We went through the first three bullets on the review sheet.

The first one, on the suspected cheaters, asks you to advise the professor. You can tell the professor what the likelihood is, but the professor is going to have to decide on a prior. He won’t be able to do this based on reports of the particular students, because of privacy laws. So he’s going to have to use his experience, perhaps his estimate on how common cheating is from other classes he has taught.

For the likelihood, we *expect* the students to answer correctly, so the 17 correct answers don’t give us any information. But the eight wrong answers do, since they were answered identically. If the distractors and the correct answers are equally plausible, the probability of one coincidence is 0.2, and that of eight coincidences is 0.2^{8}. However, it is very difficult to write good distractors, and it is likely that the real probability of one coincidence is somewhat higher, perhaps one chance in three. Whatever it is that you decide, call it p, and so the likelihood for no cheating is p^{8}. Of course, if one student copied from the other, the likelihood for that state of nature is 1.

With prior (from the professor) and likelihood in hand, you are then able to tell the professor what the posterior probability of cheating is, and then he can take it from there as to what to do about it.

The second bullet is a problem we’ve discussed several times, so I’ll be brief. The important thing to clarify is whether the sampling of the taxis is with or without replacement. In the case of the taxi problem we discussed earlier, we know that it was with replacement, since we saw one of the taxis twice; but in this case, you can argue perhaps that the sampling was without replacement, since you saw these taxis on your way to the hotel and it’s unlikely that you’d see the same taxi twice.

If the sampling is with replacement, then the factor in the likelihood for taxi #N is 0 for n<N and 1/n for n≥N. There is one factor for each taxi, and because you saw taxi #150, the combined likelihood is 0 for n<150, and 1/n^{7} for n≥150. On the other hand, if the sampling is without replacement, the combined likelihood is 0 for n<150 and 1/(n(n-1)(n-2)…(n-6)) for n≥150. In practice, the answers you get will be fairly similar no matter what.

For a prior, the HINT says that it’s more likely that you got dropped into a small city with few taxis than into a large city with many taxis.
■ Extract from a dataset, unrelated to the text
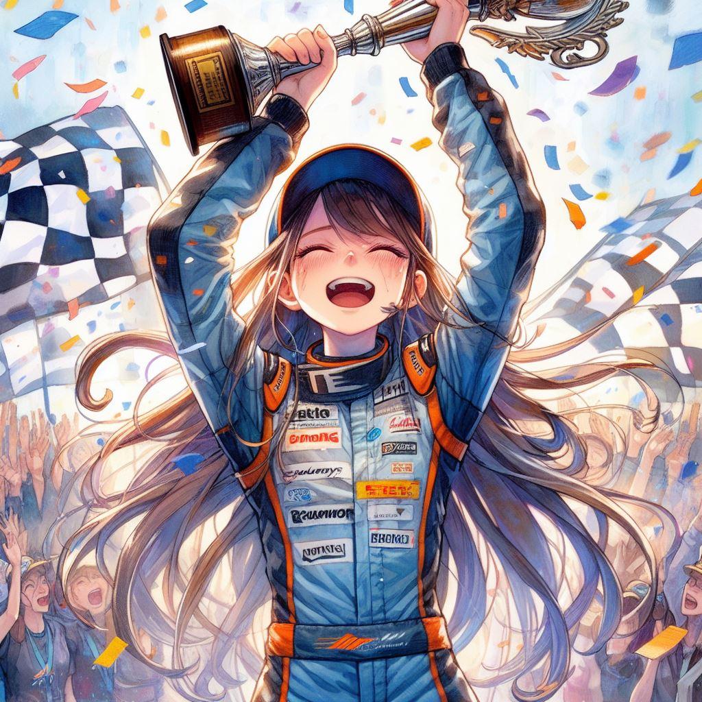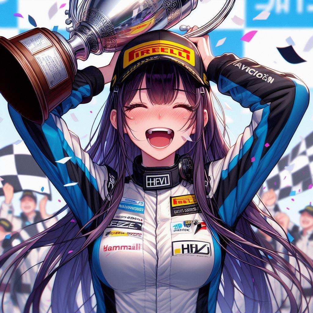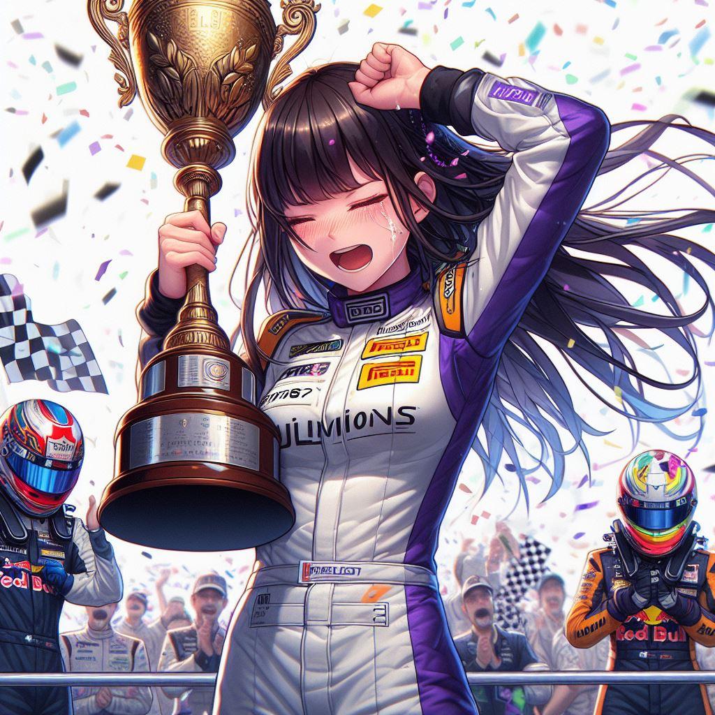 最初は前と同じ表彰台でトロフィー掲げてるところで作っててそれも良いかなと思ったんですが、途中からチームスタッフと抱き合っている構図に変更しました。

So you want a prior that decreases with n. A very common prior to use in situations like this is a “power law” prior of the form 1/n^{a}, where a is a positive number, probably of order 1 or 2. Power laws describe all sorts of things, e.g., the number of stars of mass M, the number of people that have assets of $D dollars, etc. So this is a reasonable prior. You should not cut the prior off at 150 taxis, because that assumes you’ve looked at the data, and priors are supposed to be determined before looking at the data. Besides, the likelihood automatically takes care of that.

The third bullet is the test of the drug. This is a double-blind experimental design: Neither the doctor nor the patient knows if the pills the patient gets are placebo (or the old drug) and the new drug being tested. This is important, because even if a pill has no activity (it’s a sugar pill), there are psychological effects on the patient that cause even a placebo to have some effect, even if small.

The data are 25 of 50 patients cured in the “control” (placebo) group and 30 of 50 patients in the experimental group. The likelihood is shown in the whiteboard shot (for the special case r=0.25, s=0.35).

That number goes into the appropriate slot in a 100×100 grid, which could be a spreadsheet, for example, as shown by the arrow in the next chart for the likelihood:

Replacing the 0.25 and 0.35 with all ten of the points in our grid for r and for s yields the numbers we should put in the other 99 slots. That gives us the likelihood grid.

We’d need a similar grid of 100 numbers for the prior (you can imagine it lying underneath the likelihood grid for example). Multiplying corresponding grid points for the prior and the likelihood, we get a number for the joint that goes into a corresponding grid point. Add all 100 numbers up to get the marginal. Divide the marginal into each joint to get the corresponding posterior probability.

We are interested in the probability that the new drug is better than the old drug. Just add up the probabilities in the grid points where s>r, which means all of the entries in the upper right hand quadrant of the diagram, as shown in red below:

Finally, as we noted, the CEO of the drug company is going to have to decide whether to spend $100 million dollars to bring the drug to market. That $100 million is a toll gate that he has to go through if he decides to go further. Some of the things he’ll have to consider are: How big is the market, so that there will be enough patients to pay back the initial cost and yield a profit for the stockholders? How promising is the drug, really, as indicated by our preliminary study with 100 patients? If it isn’t much better than the old drug, which is quite cheap, it’s going to be hard to convince people to use the new drug (although various kinds of campaigns, TV for the patients and drug salesmen for the doctors) might change that. The company will have exclusive rights over the drug for only 17 years; is that going to be long enough to pay back our initial investment and earn a substantial profit? Etc., etc.

We’ll take up the remaining bullets on Friday.